**SUPPLIED RECORDS**
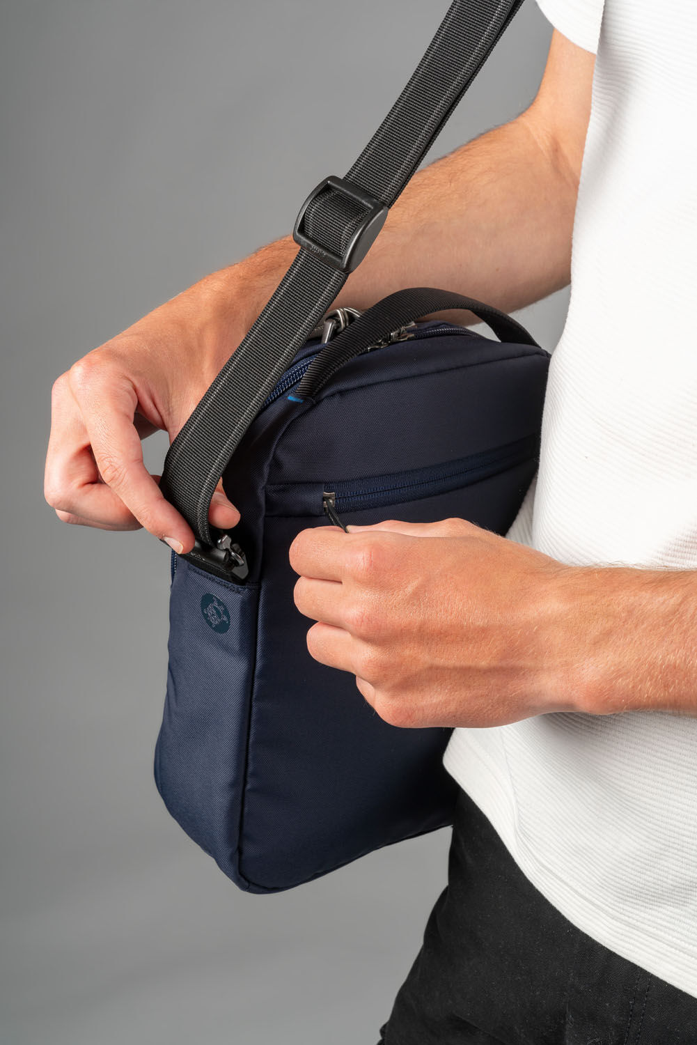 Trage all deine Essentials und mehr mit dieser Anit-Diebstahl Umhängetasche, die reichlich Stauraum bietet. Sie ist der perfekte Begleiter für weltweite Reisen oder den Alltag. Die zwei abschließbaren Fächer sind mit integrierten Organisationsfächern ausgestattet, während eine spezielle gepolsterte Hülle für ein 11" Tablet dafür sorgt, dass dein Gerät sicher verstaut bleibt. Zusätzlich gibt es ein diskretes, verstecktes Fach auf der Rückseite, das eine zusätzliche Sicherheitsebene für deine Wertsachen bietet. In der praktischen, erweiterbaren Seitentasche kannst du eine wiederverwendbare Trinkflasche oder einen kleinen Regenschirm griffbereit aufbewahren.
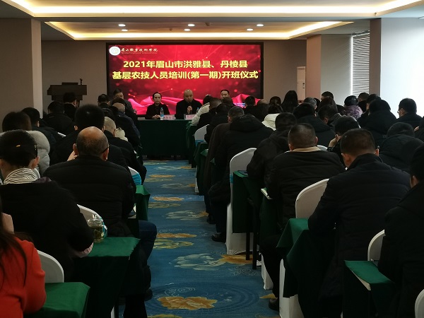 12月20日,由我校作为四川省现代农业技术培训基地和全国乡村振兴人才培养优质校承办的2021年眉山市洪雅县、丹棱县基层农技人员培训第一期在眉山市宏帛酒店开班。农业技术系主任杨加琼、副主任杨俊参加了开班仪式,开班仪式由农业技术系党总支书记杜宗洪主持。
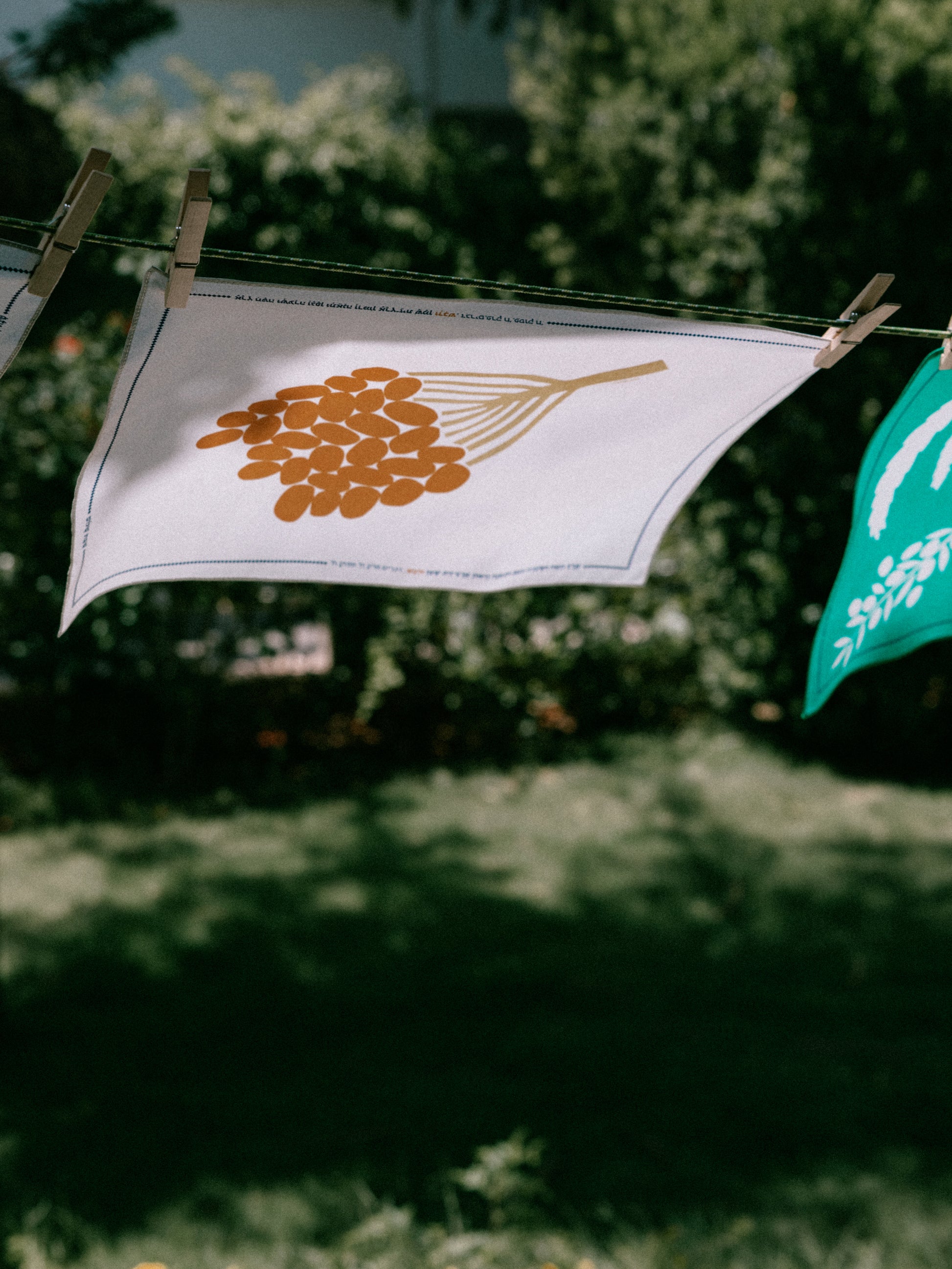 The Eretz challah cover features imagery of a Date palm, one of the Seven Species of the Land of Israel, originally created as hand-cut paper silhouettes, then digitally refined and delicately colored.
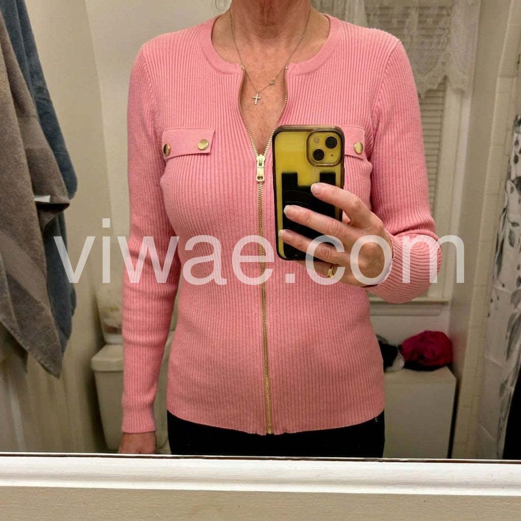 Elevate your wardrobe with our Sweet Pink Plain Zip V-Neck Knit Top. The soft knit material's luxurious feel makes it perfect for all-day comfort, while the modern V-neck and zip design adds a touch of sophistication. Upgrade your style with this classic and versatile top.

==

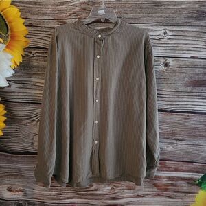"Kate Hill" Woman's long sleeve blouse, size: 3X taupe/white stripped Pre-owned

--

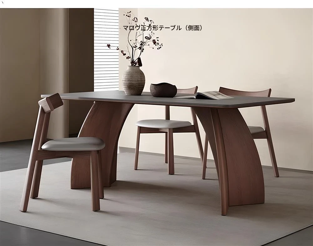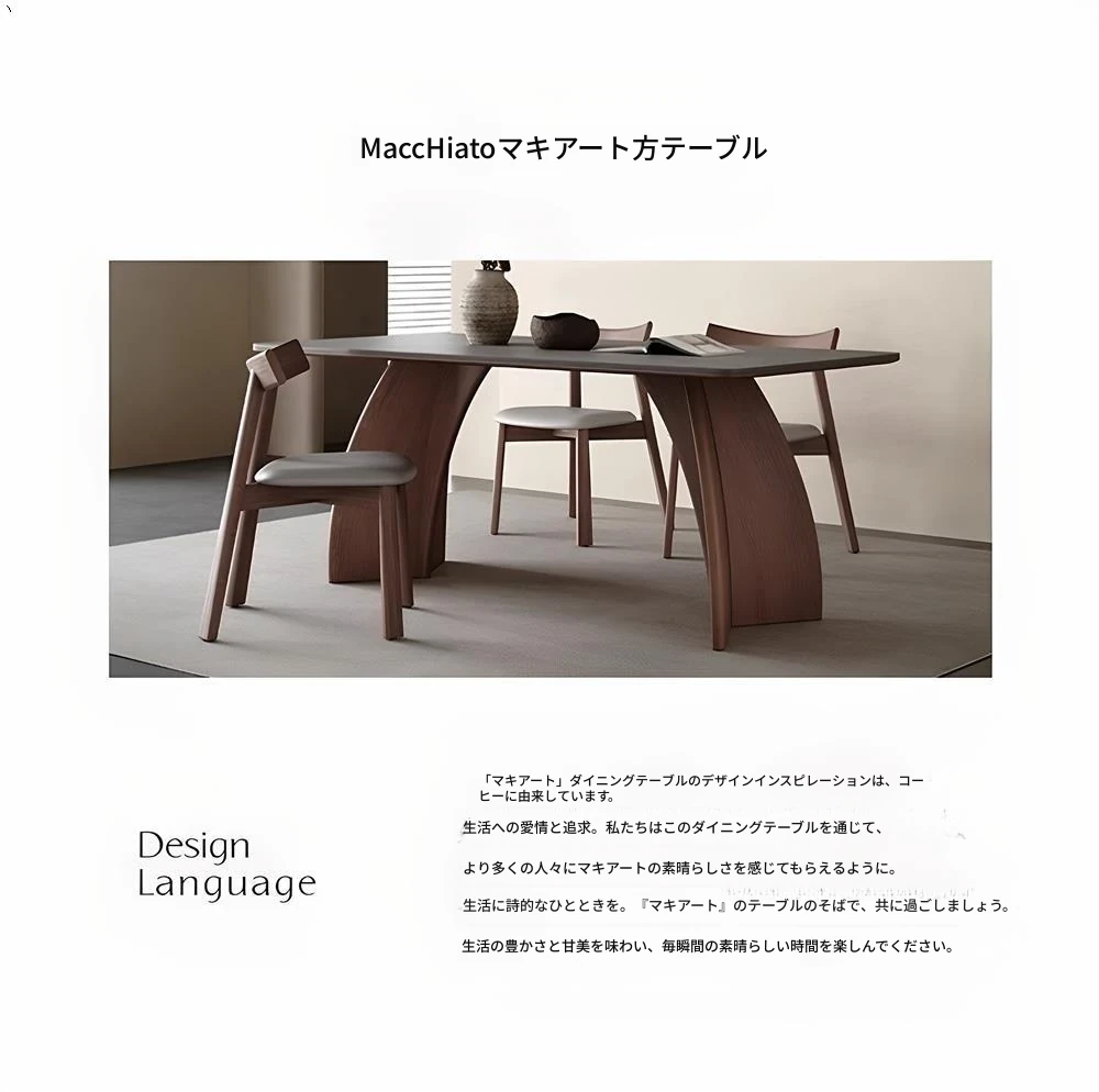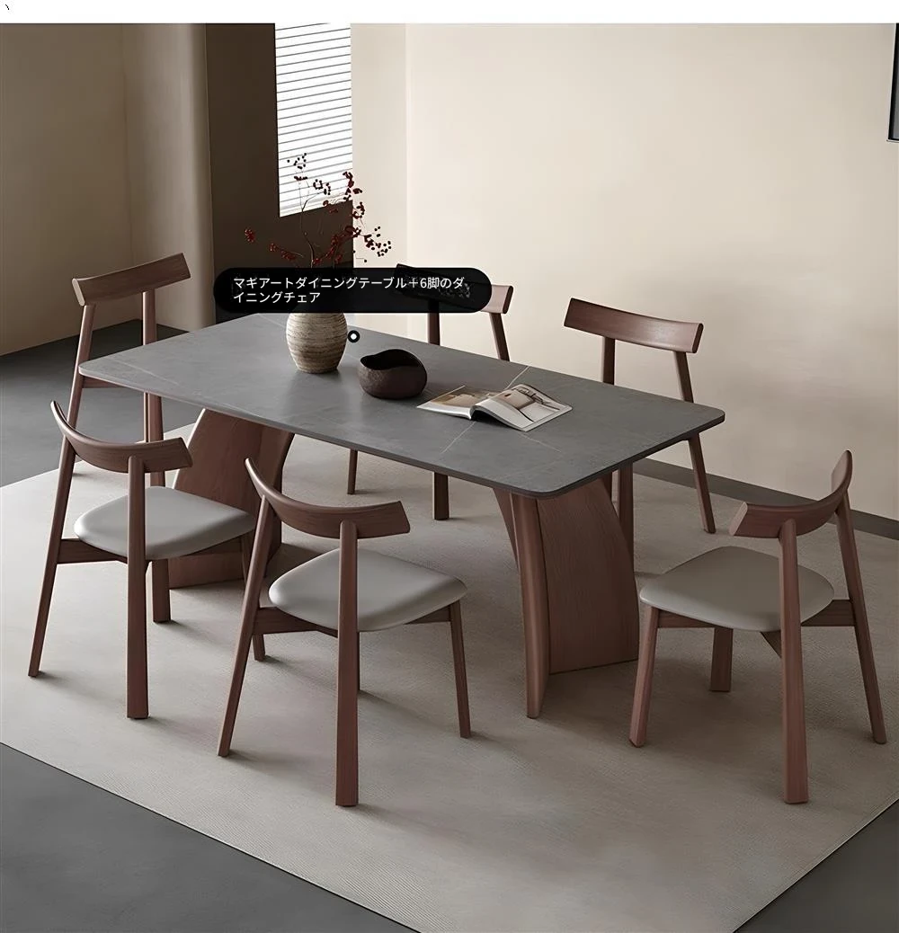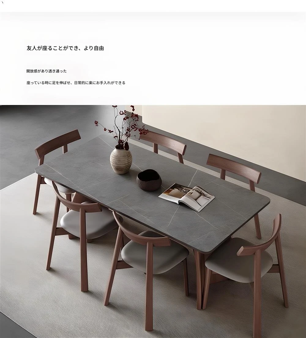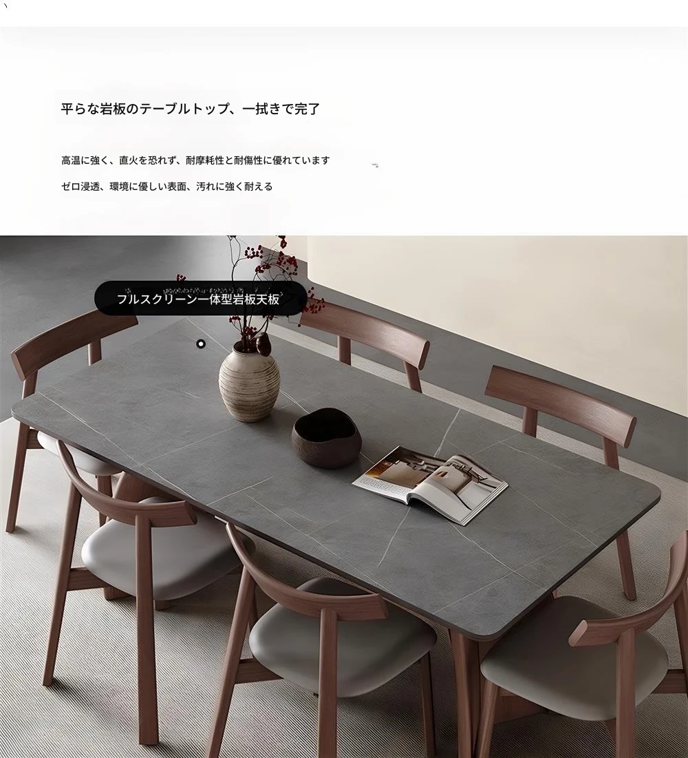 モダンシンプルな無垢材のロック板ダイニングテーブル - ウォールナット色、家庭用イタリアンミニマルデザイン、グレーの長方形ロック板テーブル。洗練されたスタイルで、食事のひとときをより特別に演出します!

**INSTRUCTIONS FOR THE TASK**
In the listing above, find the line with "The Eretz challah" and output every line through the one with "Elevate your wardrobe", exactly, without the pictures.

**ANSWER FOR THE TASK**
 The Eretz challah cover features imagery of a Date palm, one of the Seven Species of the Land of Israel, originally created as hand-cut paper silhouettes, then digitally refined and delicately colored.
 Elevate your wardrobe with our Sweet Pink Plain Zip V-Neck Knit Top. The soft knit material's luxurious feel makes it perfect for all-day comfort, while the modern V-neck and zip design adds a touch of sophistication. Upgrade your style with this classic and versatile top.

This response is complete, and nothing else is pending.